Details about these reactions are given in Tables III.1 and III.2.

Appendix L Mathematica expressions for proton scattering probabilities

In Appendix I, we derived a way of calculating the probability that a beam proton will scatter from a scattering center in tissue at least a certain number of times. Here, we will give Mathematica expressions to perform this kind of calculation when the number of cells, $N$ , and the number of scattering centers spread among those cells, are tractable by Mathematica. This limits $N$ to be below about 100, and $n$ to be below about $60$ , so the expressions given make a useful test-bed for examining the model, but not for cases in which $N$ reaches billions or more.

We distribute $n$ scattering centers randomly over $N$ ‘cells’. A given distribution of scattering centers in cells is displayed with the notation $(k_{1},k_{2},\cdot,k_{N})$ , where the $k$ ’s are the number of scattering centers which have ended in a given cell.

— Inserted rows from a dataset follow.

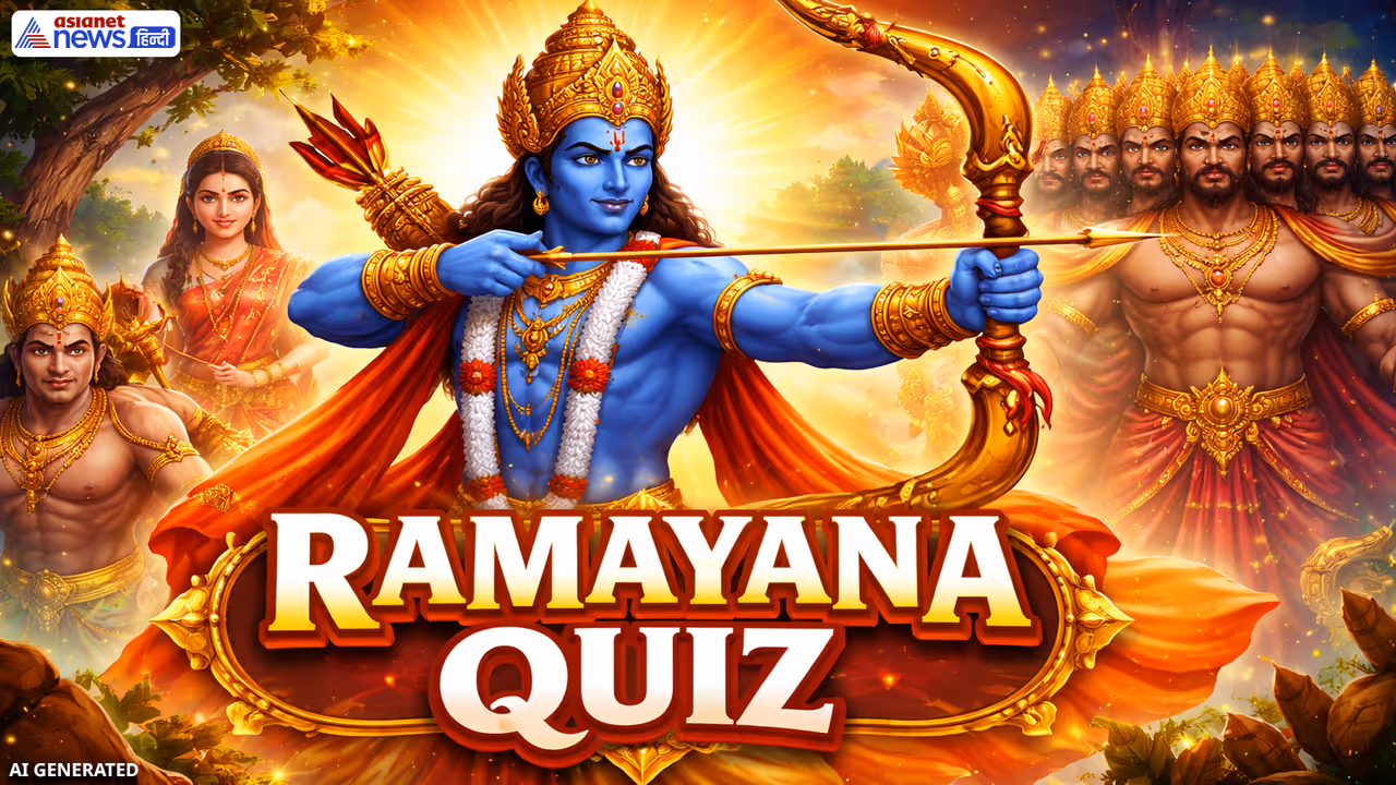 Ramayana Quiz: 2 अप्रैल 2026 को भारतीय दर्शकों ने भगवान श्रीराम का एक नया चेहरा दिखा। ये चेहरा है फिल्म स्टार रणवीर कपूर का। डायरेक्टर नितेश तिवारी द्वारा निर्देशित मूवी रामायण में वे श्रीराम की भूमिका निभा रहे हैं। रामायण पर कईं मूवी अब तक बन चुकी है। रामायण से जुड़े अनेक ऐसे फैक्ट्स हैं जो आज भी आपको चौंका सकते हैं। एशियानेट हिंदी अपने पाठकों के लिए लिए रामायण से जुड़ा एक क्विज लेकर आया है। जिसमें आपसे से रामायण से जुड़े 10 सवाल पूछे जाएंगे। इन सवालों का सही उत्तर सबसे अंत में आप देख सकते हैं। इस क्विज से आप रामायण के बारे में अपनी नॉलेज बढ़ा सकते हैं। आगे जानिए रामायण से जुड़ी 10 रोचक सवाल और उनके जवाब…
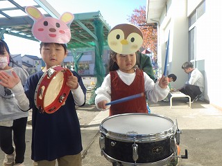 お楽しみ会での職員と保護者の出し物をきっかけに、楽器遊びが始まりました
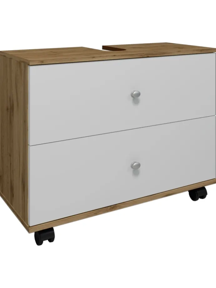 Der Waschbeckenunterschrank „Nilosi L“ passt durch das zeitlose Design in fast jedes Badezimmer.
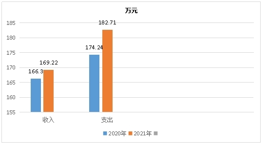 2021年度收入总计169.22万元、支出总计182.71万元。与2020年相比收入增长2.92万元,增长1.75%,支出增加8.47万元,增长4.86%。主要变动原因收入增长财政补助预算调资、疫情防控补助等正常增长,支出增加是疫情防控人员经费和公用经费同时增加。
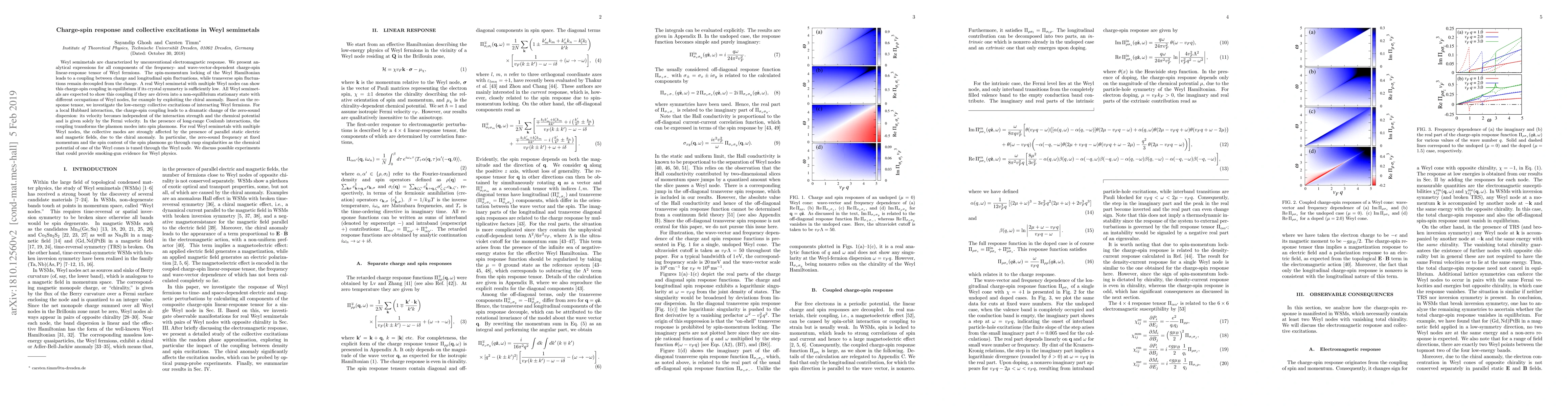 Weyl semimetals are characterized by unconventional electromagnetic response. We present analytical expressions for all components of the frequency- and wave-vector-dependent charge-spin linear-response tensor of Weyl fermions. The spin-momentum locking of the Weyl Hamiltonian leads to a coupling between charge and longitudinal spin fluctuations, while transverse spin fluctuations remain decoupled from the charge. A real Weyl semimetal with multiple Weyl nodes can show this charge-spin coupling in equilibrium if its crystal symmetry is sufficiently low. All Weyl semimetals are expected to show this coupling if they are driven into a non-equilibrium stationary state with different occupations of Weyl nodes, for example by exploiting the chiral anomaly. Based on the response tensor, we investigate the low-energy collective excitations of interacting Weyl fermions. For a local Hubbard interaction, the charge-spin coupling leads to a dramatic change of the zero-sound dispersion: its velocity becomes independent of the interaction strength and the chemical potential and is given solely by the Fermi velocity. In the presence of long-range Coulomb interactions, the coupling transforms the plasmon modes into spin plasmons. For real Weyl semimetals with multiple Weyl nodes, the collective modes are strongly affected by the presence of parallel static electric and magnetic fields, due to the chiral anomaly. In particular, the zero-sound frequency at fixed momentum and the spin content of the spin plasmons go through cusp singularities as the chemical potential of one of the Weyl cones is tuned through the Weyl node. We discuss possible experiments that could provide smoking-gun evidence for Weyl physics.

Since all cells have equivalent in a priori probability, the cell distributions can be ordered according to the size of the $k$ ’s as $k_{1}\geq k_{2}\cdots\geq k_{N}$ . The $k$ ’s are constrained by $\sum k_{i}=n$ . The total number of distinct distributions is some number $c$ . For a given distribution, some of the $k$ values may be the same. We say the $k$ scattering centers form a ‘cluster’. If so, put these clusters in groups. Each such group will be a collection of a certain number of cells. The number of such clusters we will call $m_{l}$ , the ‘multiplicity’ of the $k$ value. The $m_{l}$ values are constrained by $\sum m_{l}=c$ and by $\sum m_{l}k_{l}=n$ . It is useful to extend the set of $m_{l}$ values with zeros, with the multiplicity of zeros being $m_{0}=N-c$ . The number of equivalent configurations with the same $(k_{1},k_{2},\cdot,k_{N})$ created after a random distribution of the $n$ scattering centers among the $N$ cells is called $N_{c}$ , and was shown in Appendix I to be

N_{c}=\left(\begin{array}[]{c}N\\ m_{0}\cdots m_{N-1}\\ \end{array}\right)\left(\begin{array}[]{c}n\\ k_{1}\cdots k_{n}\\ \end{array}\right)\ ,

(134)

where $m_{i}$ is the ‘multiplicity’ of the cells with the same number $k$ of scattering centers. The $m_{l}$ are taken once for the whole set of such cells. In Mathematica, after setting values for variables $NN$ (for the value of $N$ ) and $n$ , the distinct configurations can be listed using

⬇

cf = IntegerPartitions[n, {NN}, Range[0, n]] ;

We have put $N\rightarrow NN$ to avoid the Mathematica function $N$ . A list of the values of $N_{c}$ for each distinct configuration will result from

⬇

Multinomial @@@ (Tally/@ cf)[[All,All,2]]*Multinomial @@@ cf

Now, in order to get the probability of at least $h$ hits by a beam proton, we define

⬇

pos[x_] := If[x >= h,1,0]

and use, sequentially, $h=0,1,2,\cdots$ . It follows that

⬇

Tr[Flatten[Multinomial @@@ (Tally/@ cf)[[All,All,2]]*Multinomial @@@ cf*

Map[pos,cf,{2}] ] ] / NN^(n + 1)

will give the probability that a beam proton will hit at least $h$ scattering centers. The implied factor $N_{c}/N^{n}$ is the probability that a given configuration appears in the random distribution of scattering centers, and the implied factor $n_{h}/N$ gives the probability that a beam proton will hit a cell containing at least $n_{h}$ scattering centers. For $n\gtrapprox 70$ , the above Mathematica formula has computation times in minutes or hours on a PC.

The number of distinct partitions of an integer $n$ taken $NN\equiv k$ at a time is often called $p(n,k)$ , with $p(n,n)\equiv p(n)$ The number $p(n,k)$ can be calculated in Mathematica for a given set of distinct distributions from the ‘length’ of $cf$ , i.e.

⬇

p[n_,k_):=Length[IntegerPartitions[n,k]]

For the example, from Table I.1, with $n=7$ and $k=5$ , $p(n,k)=13$ .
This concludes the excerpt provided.